I have two vector spaces $U$ and $V$. Can $U \cap V = \varnothing$? [closed]
Solution 1:
Two vector spaces, as sets, can be disjoint: namely, the set of real numbers (with the obvious structure of $\Bbb R$-vector space) is disjoint from the set of functions $\{1,2\}\to\Bbb R$ (with the obvious structure of $\Bbb R$-vector space). Two vector subspaces of the same vector space $V$ will always both contain the $0$ element of $V$.
Added: The closest thing (I think) that we can write in the sense of ascertaining to what degree there is "a common element" to all vector spaces is that the category of $\Bbb F$-vector spaces has initial objects, id est, there are vector spaces $I$ such that for all vector spaces $V$ there is exactly one linear map $f^I_V:I\to V$. Such spaces are canonically isomorphic and they are exactly the zero-dimensional vector spaces. The maps $f^I_V$ also happen to be all injective. This is, however, a somewhat different notion than the one you are speaking of: it's really more along the lines of identifying a canonical element of each vector space, more than it is about identifying a common element.
Solution 2:
By definition, a vector space is a nonempty set that follows the axioms, one of which is the 0 vector. What this means is that if two vector spaces are BOTH subspaces of some common space, their intersection is nonempty and thus has the shared $0$ vector of the common bigger space.

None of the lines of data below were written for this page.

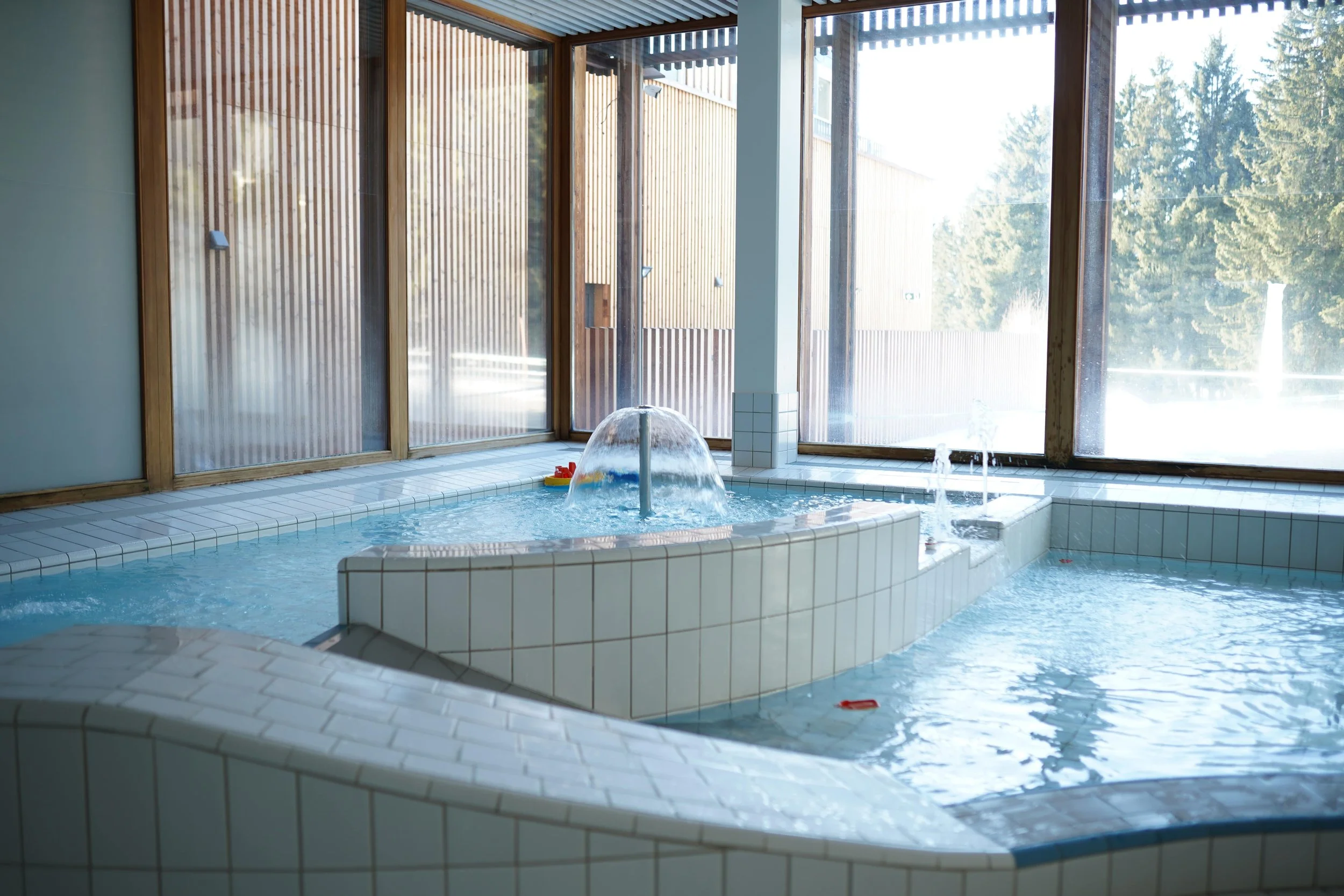 Unsere Jungs hatten riesigen Spass. Das Kinderbecken ist etwas tiefer und mit Wasserbällen ausgestattet, perfekt zum Spielen. Das Babybecken überzeugt mit liebevollen Details: kleine Rutschbahn, Giesskannen, Schiffe und weiteres Spielzeug. Das Aussenbecken ist schön warm, bietet eine tolle Aussicht auf die Berge und eine Sprudelzone zum Entspannen. Die Rutschbahn ist richtig toll – das Wasser etwas kühler, aber definitiv ein Highlight.
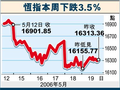 【本報訊】(記者 周紹基)港股昨日開市早段受美股下跌拖累,低開96點,但受中行(3988)招股反應理想刺激,恆指迅速收復失地,轉跌為升,中午港股一度升至16,361點高位,其後升幅逐步收窄,全日只升46點,收報16,313點,成交縮減至294億元。國指則微升9.8點,報7042點。全周恆指累計下跌588點,跌幅達3.5%;國企的跌幅更大,達4.5%,全周下跌335點。市場人士普遍認為,昨日港股尾市升幅收窄、成交縮減,反映港股弱勢持續,下周股市難以看好。
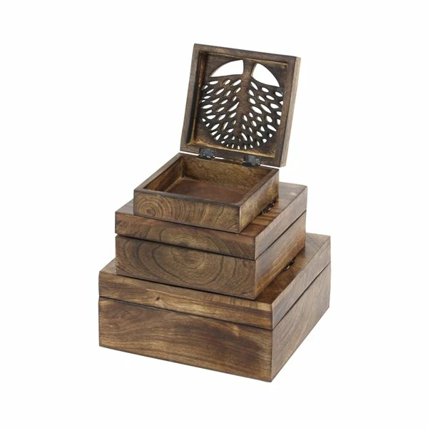 Buy ๐งจ Grayson Lane Brown Mango Wood Boxes – Set of 3 ๐
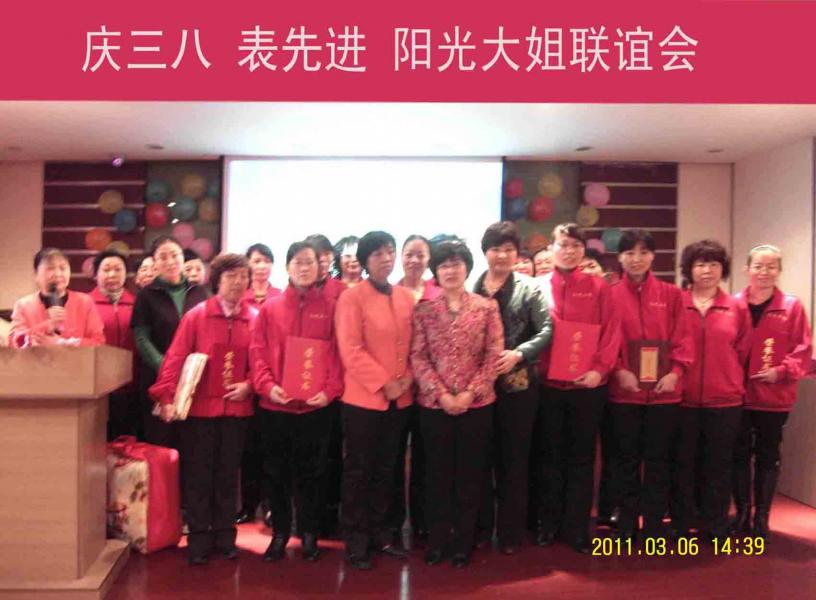 ? 3月6日下午,陽(yáng)光大姐家政服務(wù)公司舉行“慶三八 表先進(jìn) 陽(yáng)光大姐聯(lián)誼會(huì)”,150多名服務(wù)員回公司共慶自己的節(jié)日。會(huì)上表彰了2010年度在家政服務(wù)行業(yè)中作出杰出工作的優(yōu)秀員工,她們?cè)诼?lián)歡會(huì)上載歌載舞,歡度自己的節(jié)日,積極展示家政服務(wù)人員積極向上、多才多藝的另一面。
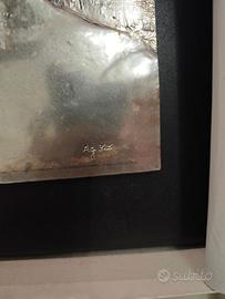 bassorilievo ricoperto in argento a fusione galvanica applicato su pannello in legno.
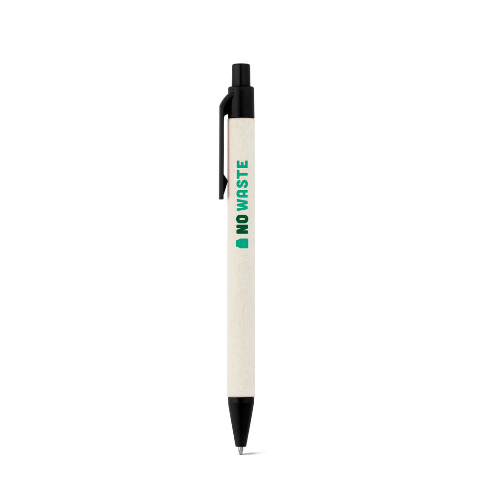 Nachhaltiger Kugelschreiber aus recycelten Milchkartons. Dieses Modell trägt aktiv zur Wiederverwendung von Karton und Aluminium bei. Das Gehäuse besteht aus Karton, während die farbigen Komponenten aus 100% recyceltem ABS (rABS) gefertigt sind.
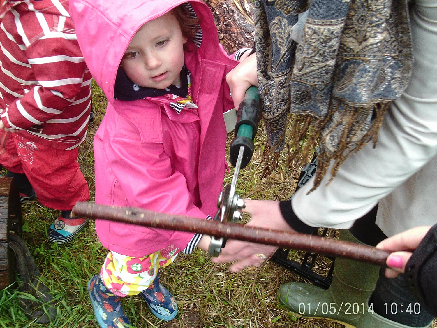 After this it was time to get going, one by one the children came to kneel down with an adult. We ensured the children held the loppers the correct way, we then led a stick down in front of us and guided the children to grip the stick in the jaws. SNAP! The children used lots of strength and force to cut the stick, “yay” some children said once they had cut the wood! A little boy who is just two said “more, more wood” and went to find more things to cut.
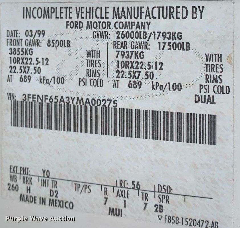 Purple Wave is selling a used Vacuum Truck in Texas. This item is a 2000 Ford F650 Super Duty vacuum truck with the following: Miles: 166,659 on odometer, Hours: 2,091 on meter, Miles or hours may vary, unit still in use, VIN: 3FENF65A3YMA00275
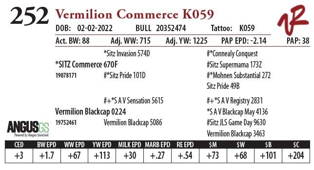 All bulls will be covered 50% by Vermilion Ranch if they are injured during their first breeding season. Breeding season is defined as the 60-day period following the first turnout of bulls.
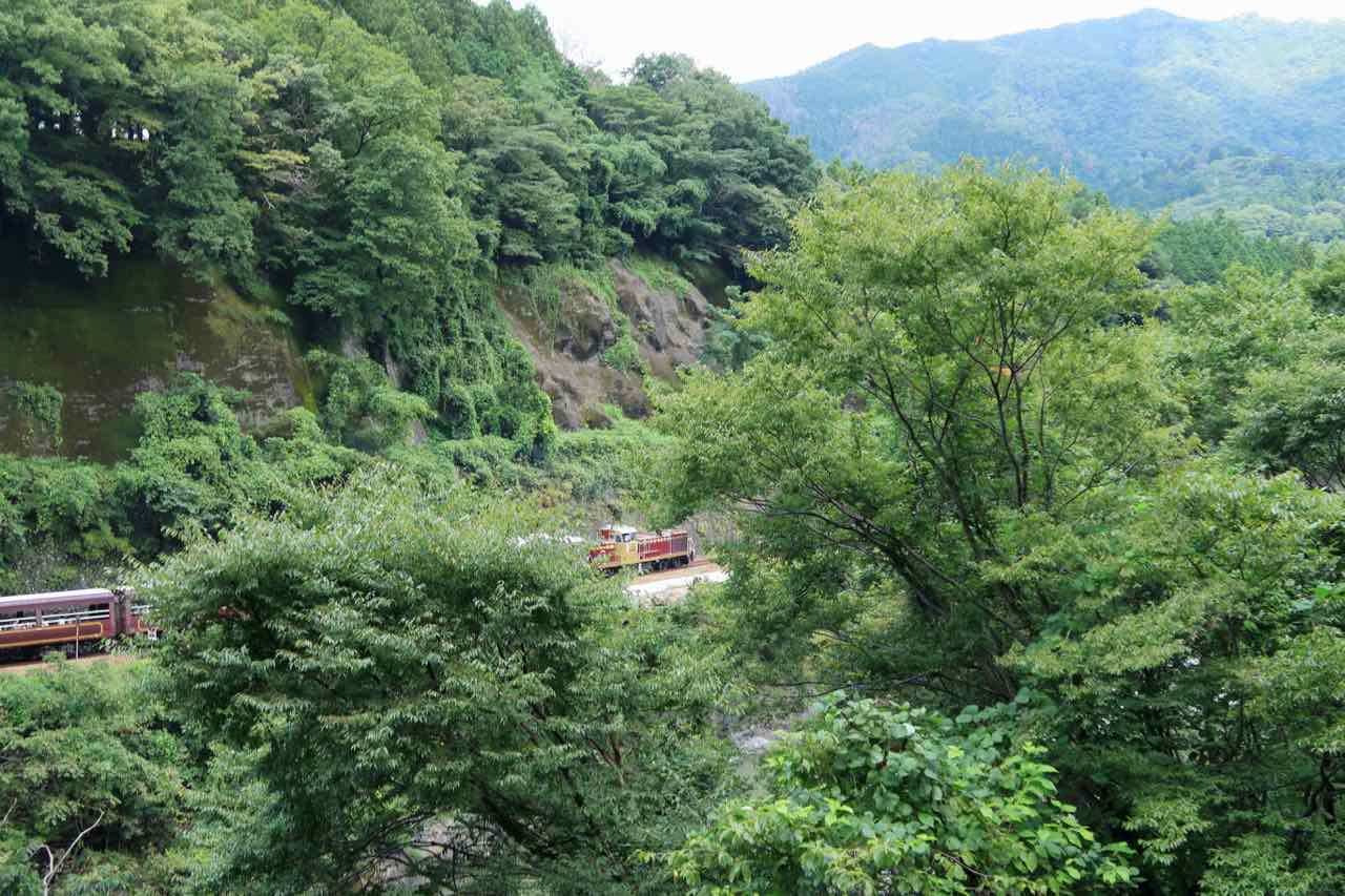 渓谷を走る風情のある電車旅。まるでテーマパークに来たようだ。いや、 世界の車窓から の方が趣があるかな? ^^;

However, if the vector spaces are not both subspaces of some common space, then their intersection will be the empty set (and thus not a vector space)
Solution 3:
Considering the case of vector spaces which share a common superset, taking for example where both are subsets of $\mathbb R^3,$ I do think it's worth mentioning that there is a technicality under which they can possibly not share any common elements, so long as they are not subspaces of $\mathbb R^3$. This is possible if we allow the vector spaces to have an alternative definition of the $+$ and $\cdot$ operations.
Consider, for instance, the set $V_{\vec{a}} = \{\vec{a}\},$ for any vector $\vec{a} \in \mathbb R^3.$ If we allow the definitions $\vec{x} + \vec{y} = \vec{x}$ and $c \cdot \vec{x} = \vec{x}$ for all $\vec{x}, \vec{y} \in V_{\vec{a}}$ and $c \in \mathbb R,$ then $V_{\vec{a}}$ trivially satisfies all of the vector space axioms under these definitions. (noting that the commutativity of addition holds because for any pair of $\vec{x}$ and $\vec{y}$ in $V_{\vec{a}},$ it must be true that $\vec{x} = \vec{y}$)
In particular we can note that the zero vector under these operations can be any vector, so there is no issue here where the vector spaces must share a zero vector. Now, for any distinct $\vec{a}$ and $\vec{b}$ in $\mathbb R^3,$ we can construct two vector spaces $V_{\vec{a}}$ and $V_{\vec{b}}$ which share no common elements.
However, if we require that both of our vector spaces be subspaces of some parent vector space, then this construction fails to produce two disjoint vector spaces because the parent vector space must be a singleton in order for the commutativity property to hold, meaning that the single element of both of our vector spaces must be the same element, which is the zero vector of the parent vector space. There is another construction we can do where the vector spaces consider different operations, but this also fails for this case because a subspace of a vector space must consider the same operations as the parent vector space. Because of that restriction, we can prove, for the reason that you pointed out and the uniqueness of the zero vector in a vector space, that two subspaces of any vector space must at least share the parent vector space's zero vector.